We bore witness to the suffering of both sides, both Israeli and Palestinian. The suffering we witnessed compels us to act, speak out and to ensure that the rights of those who have long been marginalised are protected. The face and future of that young Palestinian girl at the mercy of the marauding extremist settlers haunts us. At the same time, I came away with some hope in my heart, having met and heard Roni Keidar ( a Jewish mother, grandmother and peace activist) whom we met on Nativ Ha’asra – one of the small agricultural communities on the Gaza border brutally attacked by Hamas on October 7th. On the day we met her, Roni had just received the English translation of her new biography: ‘On the Border of Hope’. I remember her words so vividly: “either the Israeli and Palestinian people find a way to live together, or they will die together”.
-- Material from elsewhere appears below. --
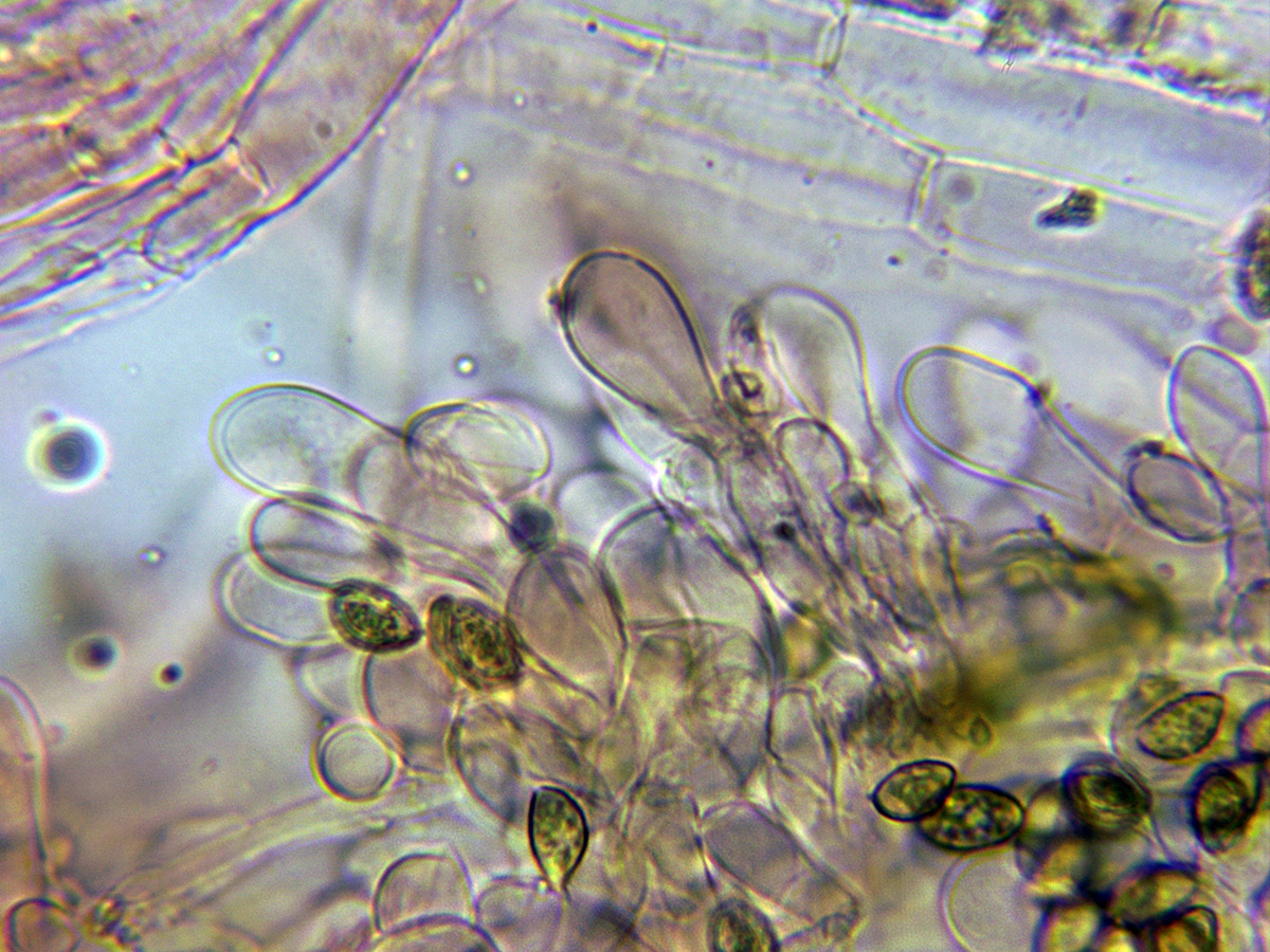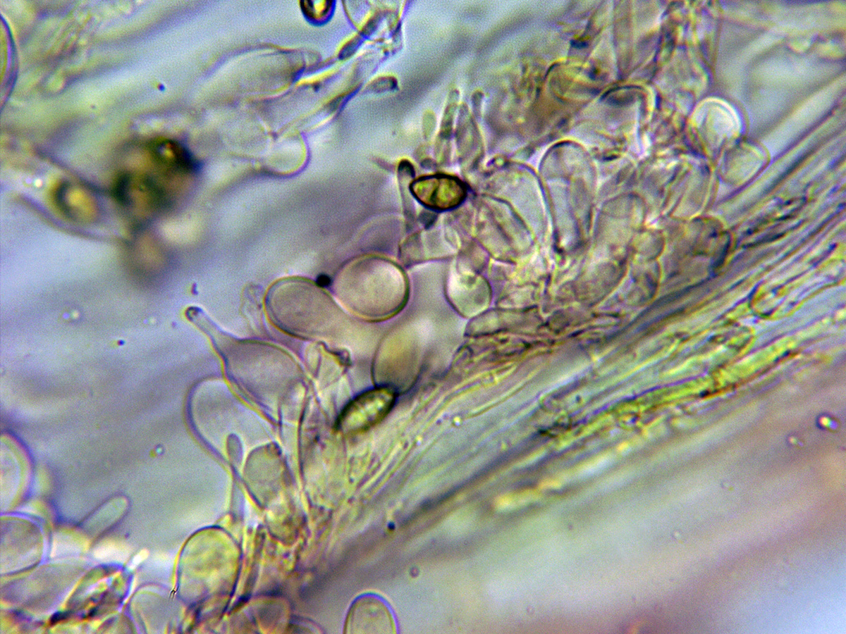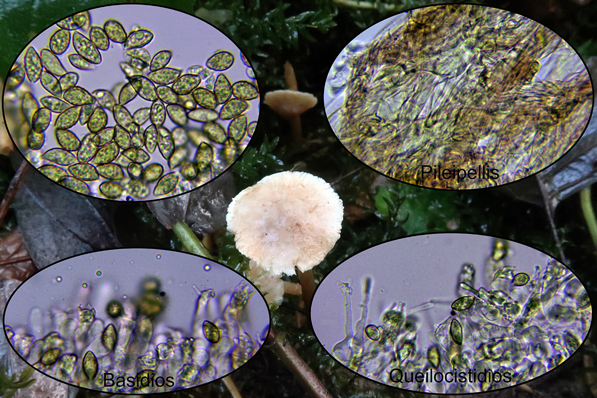 Con queilocistidios de base ancha y terminando en un largo cuello estrecho, basidios tetrasporicos y esporas en mi caso de (7,9) 8,3-10,4 (11,9) X (4,6) 5,1-5,8 (6,1) micras.

I would therefore like to ask the Minister to reassure the House that the UK government is taking all steps to provide support towards lasting peace and acknowledge that Palestinian rights in the Occupied Territories are a key condition for lasting peace. We need:
- Negotiations around Phase 2 of the ceasefire agreement need to take place as quickly as possible and, meanwhile, with the unconditional release of all remaining hostages and the flow of humanitarian aid unhindered into Gaza.
- UK recognition of the ICJ ruling declaring Israel's occupation of the West Bank, East Jerusalem, and the Gaza Strip as unlawful under international law.
- A clear and public renunciation of President Trump’s Riviera proposals as ethnic cleansing: the forcible transfer of the over 2 million people of Gaza would constitute a crime against humanity, a blatant rejection of the core tenets of international law that have operated since the end of World War II and the adoption of the UN Charter;
- UK government recognition of the Palestinian State and commitment to a 2-state solution; everyone that we met working to build lasting peace was clear that hope only lies with a political horizon. It’s not a question of whether people believe anymore in a 2-state solution. It’s that there is no alternative to a 2-state solution that does not contemplate forcible transfer of millions of people and ethnic cleansing.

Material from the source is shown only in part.